これは http://mitochondrion.jp/ に掲載している「医学日記」を、諸般の便宜のために、 1 記事 1 ファイルとして形成し直したものです。 簡単なプログラムで自動生成しているので、体裁の乱れなどが一部にあるかと思われますが、ご容赦ください。
過日、近くの医院で健康診断を受けた。 この医院の待合室には「血中遊離 DNA 濃度測定」のポスターが掲示され、パンフレットも置かれていた。 私には、そのようなものを測定して、一体、何の役に立つのかわからなかったが、どうやら、これは癌を早期発見するためのスクリーニング検査であるらしい。 パンフレットを読んで、私は「これは、インチキだ」と考えた。 というのも、そのパンフレットでは、陽性反応適中率が高いことをもって、この検査が癌の早期発見に有用であるかのように説明していたのである。
この場合、陽性反応適中率というのは、検査で「陽性」と出た患者のうち、実際に癌を患っている者の割合をいう。 少し考えればわかるように、これは、母集団の選び方によって、いくらでも変化する。 たとえば定期健康診断を受けた人について統計をとれば、癌患者は比較的少ないのだから、陽性反応適中率は低くなる。 一方、大学病院の腫瘍内科を受診した患者について統計をとれば、大半が癌患者なのだから、陽性反応適中率は、かなり高くなる。 従って、ある調査で陽性反応適中率が高かった、という事実は、その検査が有効であると考える根拠にはならない。 つまり、このパンフレットは、疫学的に意味のない内容を書いて素人を欺こうとしているのである。
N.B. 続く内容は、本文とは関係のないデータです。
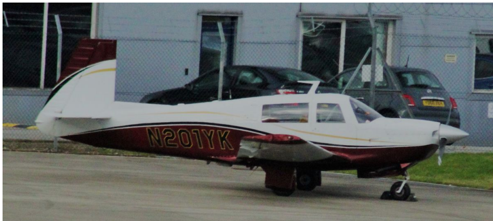
N201YK M20J Mooney 25/11

Piper PA-31 Navajo G-UCAM arr 10:31 from Belfast dep 12:02 to Belfast City, Mooney M20J N201YK f/t Jersey (12:11/14:26),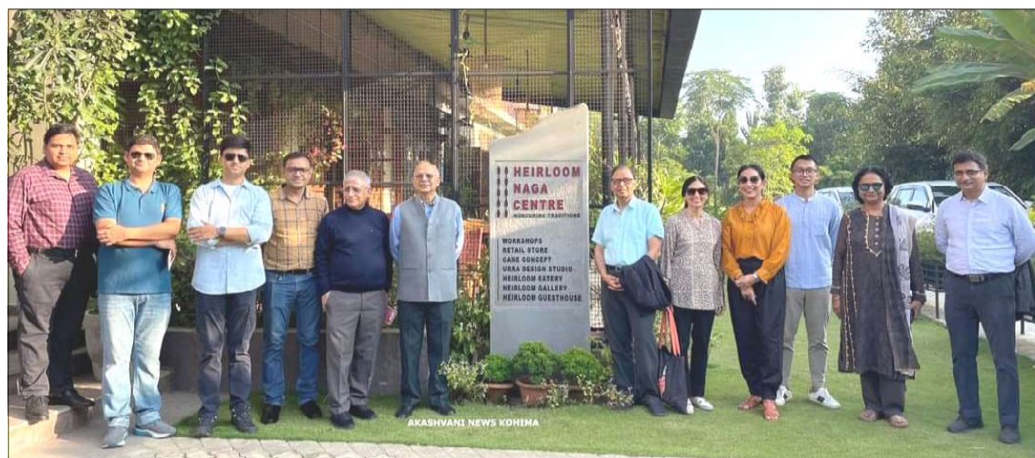
November 4, 2024 nü 16th Finance Commission nung Chairman Arivind Panagariya-i anir teshimtet telok ka Dimapur tonga aruba sülen Sovima nung Heirloom Naga Centre semdangdang agiba noksa ka angur.

Kohima, November 4, 2024 (TYO): 16th Finance Commission nungi züngsem pezü agi akümba telok ka tanü Nagaland semdangi arua lir aser parnok anogo asemnü mongzüktsü.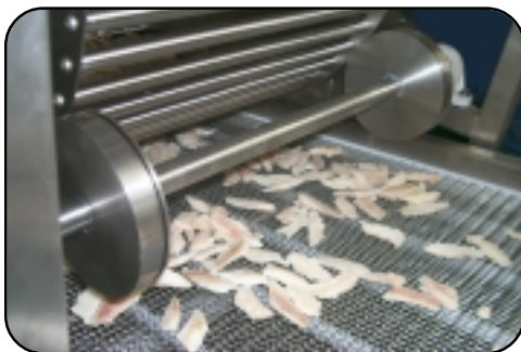
IQF Portion Spreader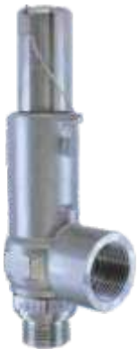
SS Safety Valve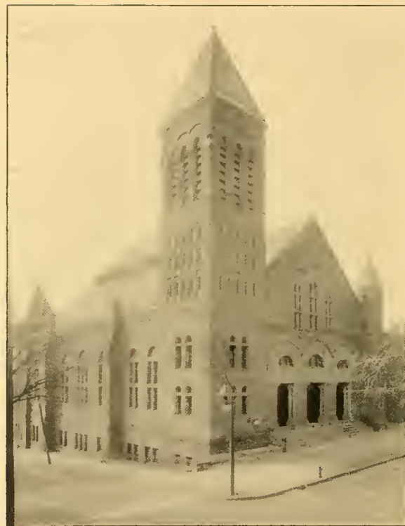
TEMPLE BETH JEMETH.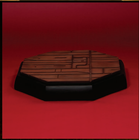
LAY BASE FLAT ON THE GROUND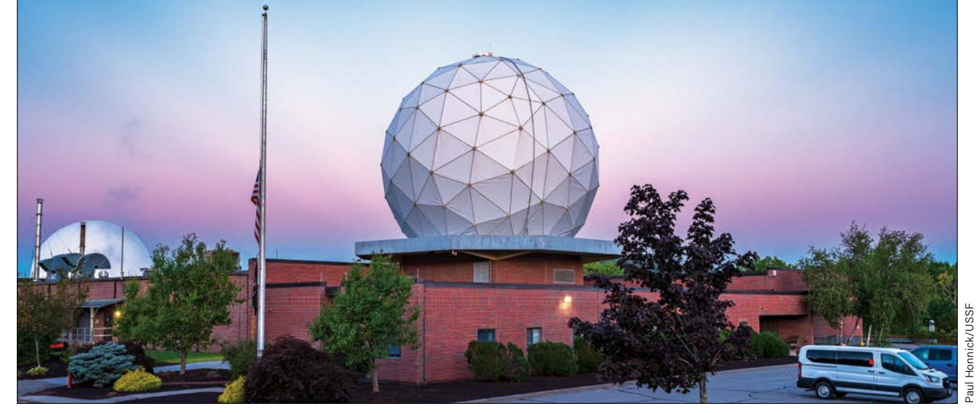
Dawn at New Boston Space Force Station, N.H. The 23rd Space Operations Squadron provides satellite command and control.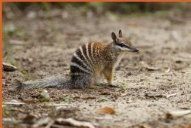
NUMBAT MYRMECOBIUS FASCIATUS

Western Australia: Endangered Commonwealth: Endangered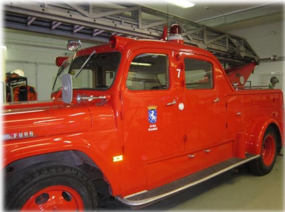
Fire ladder (Ford 1957)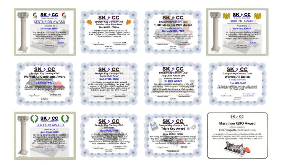
The <u>SKCCLogger</u> is highly recommended for award hunters. It keeps track of your progress and simplifies the application process.

<u>Centurion</u> or "C". The first of three basic operating endorsements. Work 100 other SKCC members. Endorsements of Cx2, Cx3, etc can be attained by working additional multiples of 100 members.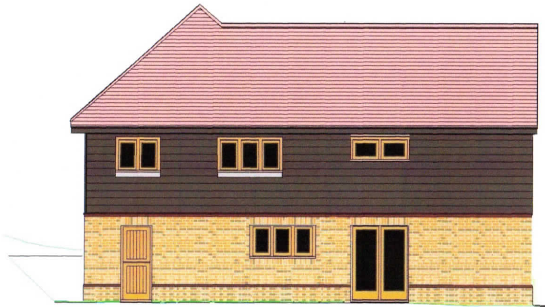
Side Elevation (SW)

少し論文検索してみたところ、確かに、血中遊離 DNA 濃度の測定を癌のスクリーニングに役立てようとしている報告は少なからず存在する。 ただし、その内容は、眉唾である。 たとえば、ある報告は、この手法が卵巣癌の検出に有効であると主張している (Oncology Letters 10, 3478- 3482 (2015))。 しかし、これは、望ましい結果が得られるように、恣意的に研究計画が立てられている疑いがある。
そもそも血中遊離 DNA 濃度による癌検出の原理は、癌患者では炎症の結果として細胞が破壊され、血中に多量の DNA が放出される、という現象に基づいている。 つまり、これは癌ではなく炎症マーカーなのであって、CRP や白血球数などと同様のものである。 上述の報告では、卵巣癌患者、卵巣良性腫瘍患者、健常者について血中遊離 DNA 濃度の測定による鑑別が行われているが、いわゆる炎症性疾患の患者は含まれていない。 一番、鑑別の難しい患者群を、最初から対象外としているのである。 また、健常者と癌患者を鑑別できるのは良いとしても、良性腫瘍患者と癌患者を鑑別できていることは不自然である。 検査の原理からいって、この手法は、腫瘍の良悪性を鑑別できないはずだからである。 たぶん、「望ましい」結果が得られるよう、調査に参加する患者をよく吟味したのであろう。
こうしたアヤシゲな検査が行われている背景には、論文にする材料が欲しい自称研究者、経営を改善したい検査会社や一部の開業医らの思惑が絡んでいるものと思われる。
なお、少なからぬ医院等のウェブサイトで、この検査の紹介がなされているが、その有効性の根拠となる文献をキチンと挙げているサイトは皆無である。